Tuesday, March 15, 2011

The Founding of Zingerman's: Jewish Food becomes Secular

Zingerman’s Deli, still on Detroit Street here in Ann Arbor, and expanding, was founded March 15, 1982 by Paul Saginaw, Michael Monahan, and Ari Weinzweig. A recent book by Ari Weinzweig is on bacon – his self-image as promoted in lectures and writings is that he’s transgressive. But Zingerman’s appeal is that it’s supposed to make you think of an old-fashioned Jewish deli while promoting a variety of gourmet foods for 21st century cooks and epicures.

I used to shop at Zingerman's much more than I do now. For me it has very little nostalgia, compared to the Jewish delis of St.Louis where I grew up, and where my father shopped for corned beef and half-sour pickles. (In my earliest childhood, the pickles were actually in a barrel, but that's an aside.) I do like the bakery -- the photos are from a Thanksgiving visit on a day when they sell 20,000 loaves of bread.
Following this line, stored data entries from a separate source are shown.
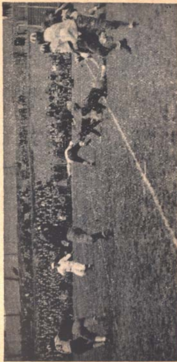
FOOTBALL AT INDIANA
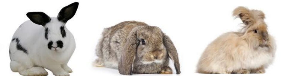
English Spot Rabbit Dwarf Lop Rabbit Angora Rabbit
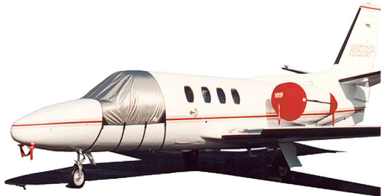
Cessna Citation I Windshield, Pitot and Engine Covers
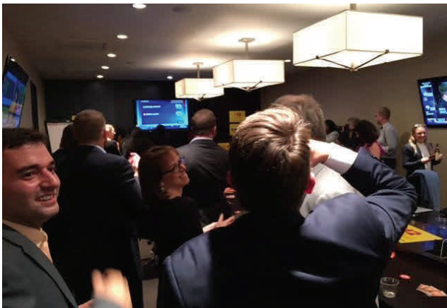
The CCLP team cheered on election night as results came in for Amendment 70, the ballot initiative that raised Colorado's minimum wage.
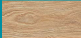
Retreat Blackbutt 760202-VL
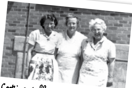
Cooking staff at Marion Rural Independent circa 1950.
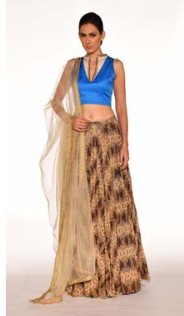
Printed and indigo blue double mul-mul lehenga with embroidery highlights of zari, zardozi, nashi, mirrors, sequins, peeta, pearls and stones, paired with a fitted indigo blue and ivory top with mirror, kasab and zardozi work; a dupatta drape of shimmer net with gold border.
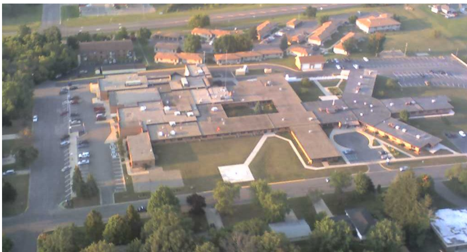
Long Prairie, MN Long Prairie Memorial Hospital ( ) N 45° 58.4' W 94° 50.9' IMPORTANT: The pilot retains full responsibility for safe and legal flight operations, regardless of data presented on this page.
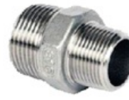
Hexagon Nipple Reducing
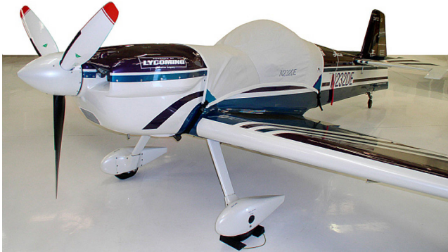
Canopy Cover for the Cap 232

The Mudry Cap 231 & 232 Canopy/Engine Cover is a one-piece cover (100% lined with microfiber) that is a combination of the Canopy Cover and Engine Cover. This cover will enclose the engine cowl and will extend aft to cover all of the windows. This cover type is made from Silver Acrylic Sunbrella canvas and is 100% lined with a soft and smooth microfiber. Bruce's Custom Covers developed this material combination especially for aircraft protection. The outer material is medium weight and treated for water resistance, UV resistance and anti-static buildup. The inner lining is a very soft and smooth microfiber to prevent scratching. The material is very reflective, and tests show that the cabin interior temperature can be reduced to near-ambient temperature on the hottest of days. It is water, ice and snow repellent, yet breathable to allow moisture to escape from between the cover and the aircraft surface.
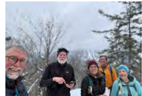
Gore Mtn in distance
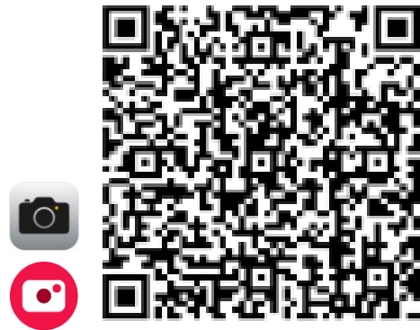
Meta Quest 2

1. Scan Collectq QR Code above to get started
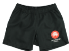
Rugby / PE Shorts Y7-11
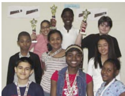
Winners of SOH's Middle School Spelling Bee
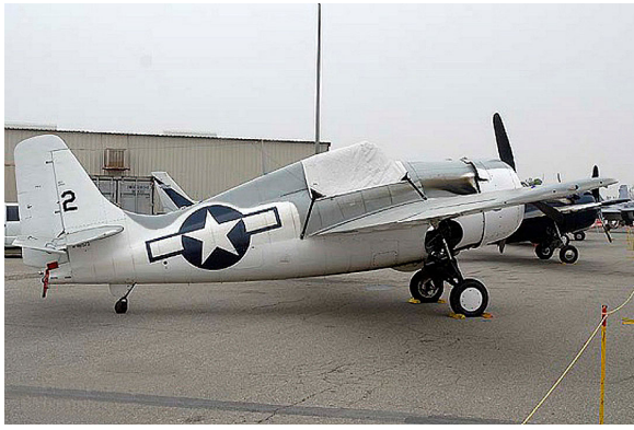
Grumman F4F Wildcat Canopy Cover
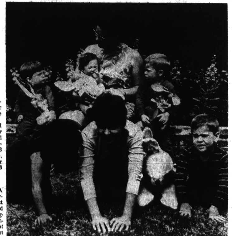
Easter Breakfast, Egg Hunt
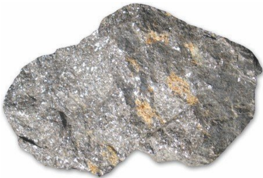
(Figure 15) An example of galena.
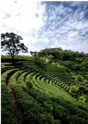
Pinglin Tea Plantation
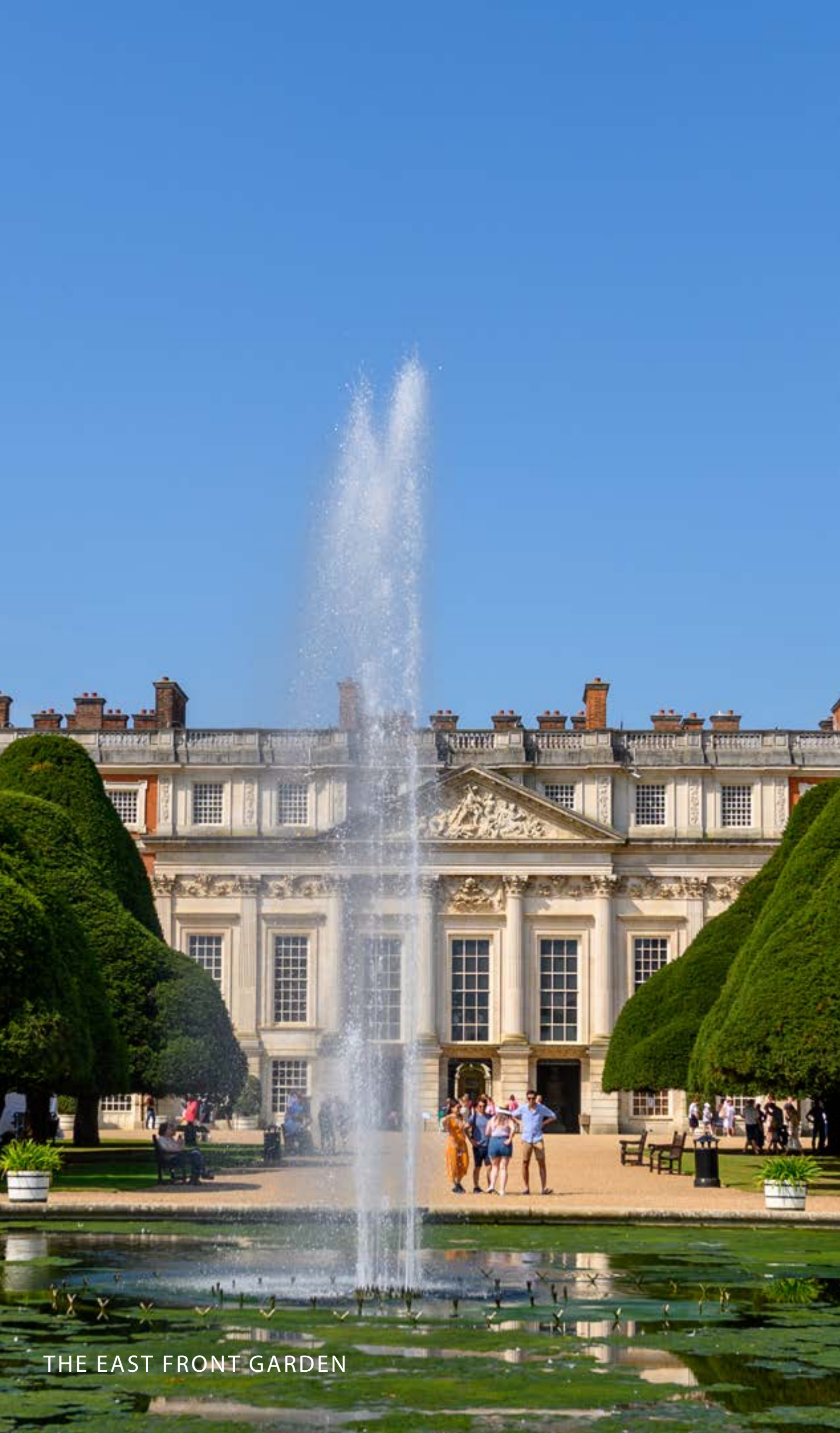
THE EAST FRONT GARDEN
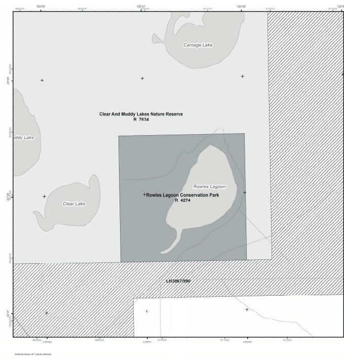
Rowles Lagoon Conservation Park

All that portion of land and waters comprising reserve number 4274, described as Lot 44 on Deposited Plan 255985 and comprised in Certificate of Title Volume LR3055-396. For information purposes, the prescribed area is shown below.
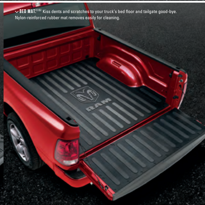
v BED MAT (1)(5) Kiss dents and scratches to your truck's bed floor and tailgate good-bye. Nylon-reinforced rubber mat removes easily for cleaning.
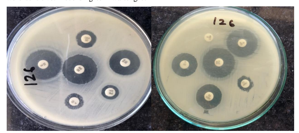
Fig. 3. Antibiogram of Bacillus cereus isolated from milk and milk products.
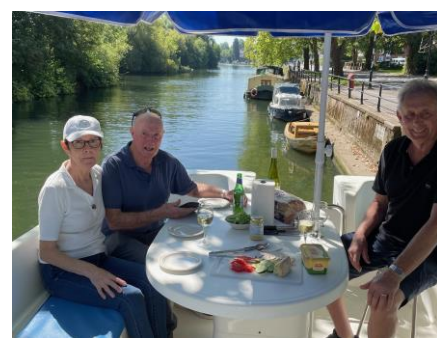
on the Thames

Yes, Zingerman's has a certain resonance for the secular Jews who like the idea of Jewish food subtly invading the general American diet. After all, bagels did that so long ago that no one even knows where they came from. My brother buys bagels at the open-air market in Galway, Ireland, from a local baker who lives in a nearby village -- and seems to think they are mainstream American. How invaded can you get?